Data shown =
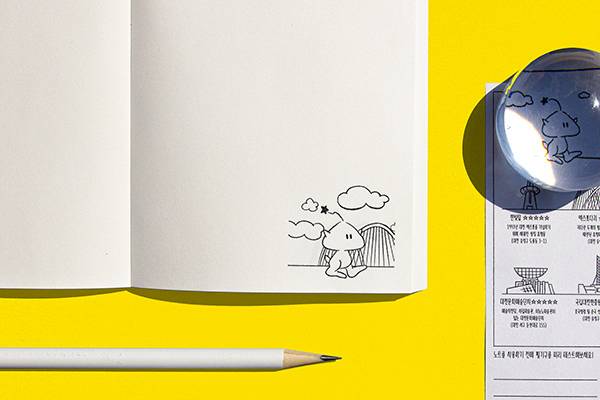 박수연: 이제는 저희를 대표하는 작업이 되어버린 ‘플립 꿈돌 프로젝트'를 소개해 드리겠습니다. 대전마케팅공사에서 지원을 받아 진행하게 된 프로젝트인데요. 1993년에 개최된 대전 엑스포의 캐릭터 ‘꿈돌이’를 이용해 지역 상품을 디자인했습니다. ‘꿈돌이’는 대전에서 태어났고 대전을 상징하는 캐릭터인 만큼 ‘대전 여행’이라는 지역적 키워드를 연결시켜 다양한 굿즈를 제작해 보고자 했어요. 우선 꿈돌이가 대전의 낮과 밤에 걸어 다니는 애니메이션이 귀엽게 녹아있는 노트 세트를 플립 북 형태로 디자인했고요. 노트와 함께 사용할 수 있는 목공 연필, 캐릭터 책갈피, 렌티큘러 카드 등의 제품군 제작도 시도해 보았습니다.
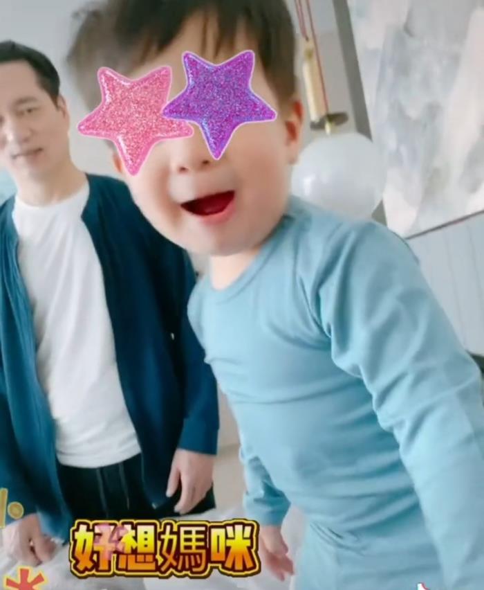 视频中,安以轩的大儿子穿着蓝色连体服,即便被特效遮住眼睛,也还是能看出软萌可爱。他奶声奶气的说着想妈咪,也想爸爸,乖巧的模样十分惹人喜爱。安以轩的老公站在旁边,一脸开心的看着母子俩互动,长相帅气,笑容清朗,父子俩十分相像。
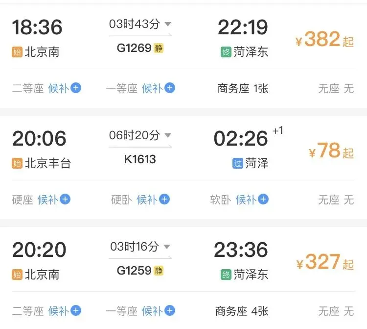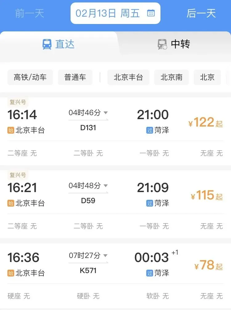 再看菏泽,北京有多辆到菏泽的直达火车~因外出务工人员巨多,春运期间还加开三班高铁,其中两班直达直达呀,中间不停车的,几个普通地级市能比往南也有菏泽始发到广东的车。菏泽站路线这么多,可能是因为地理位置优越,处于三省交界处,且铁路建设较早。从河北、京津南下的车,很多不走河南,甚至不走聊城,却大多过菏泽。还可能因为务工人员太多,多开几个班次也不赔钱~去年从南方回来过年,勉强挤上车,火车都快拉不动了,过了菏泽,车上就剩约一百个人,这就是菏泽站的实力所以有的车就走到菏泽,不再往北走到聊城济南,再走就接近跑空车综上,北漂往南走或者年后回北京就可以在这俩站转车附几个图看一下从石家庄买票有多容易。首先是今天从北京到菏泽的,截图于下午三点。

The task =
Would you output the listing above verbatim, without its pictures?

Solution =
 박수연: 이제는 저희를 대표하는 작업이 되어버린 ‘플립 꿈돌 프로젝트'를 소개해 드리겠습니다. 대전마케팅공사에서 지원을 받아 진행하게 된 프로젝트인데요. 1993년에 개최된 대전 엑스포의 캐릭터 ‘꿈돌이’를 이용해 지역 상품을 디자인했습니다. ‘꿈돌이’는 대전에서 태어났고 대전을 상징하는 캐릭터인 만큼 ‘대전 여행’이라는 지역적 키워드를 연결시켜 다양한 굿즈를 제작해 보고자 했어요. 우선 꿈돌이가 대전의 낮과 밤에 걸어 다니는 애니메이션이 귀엽게 녹아있는 노트 세트를 플립 북 형태로 디자인했고요. 노트와 함께 사용할 수 있는 목공 연필, 캐릭터 책갈피, 렌티큘러 카드 등의 제품군 제작도 시도해 보았습니다.
 视频中,安以轩的大儿子穿着蓝色连体服,即便被特效遮住眼睛,也还是能看出软萌可爱。他奶声奶气的说着想妈咪,也想爸爸,乖巧的模样十分惹人喜爱。安以轩的老公站在旁边,一脸开心的看着母子俩互动,长相帅气,笑容清朗,父子俩十分相像。
 再看菏泽,北京有多辆到菏泽的直达火车~因外出务工人员巨多,春运期间还加开三班高铁,其中两班直达直达呀,中间不停车的,几个普通地级市能比往南也有菏泽始发到广东的车。菏泽站路线这么多,可能是因为地理位置优越,处于三省交界处,且铁路建设较早。从河北、京津南下的车,很多不走河南,甚至不走聊城,却大多过菏泽。还可能因为务工人员太多,多开几个班次也不赔钱~去年从南方回来过年,勉强挤上车,火车都快拉不动了,过了菏泽,车上就剩约一百个人,这就是菏泽站的实力所以有的车就走到菏泽,不再往北走到聊城济南,再走就接近跑空车综上,北漂往南走或者年后回北京就可以在这俩站转车附几个图看一下从石家庄买票有多容易。首先是今天从北京到菏泽的,截图于下午三点。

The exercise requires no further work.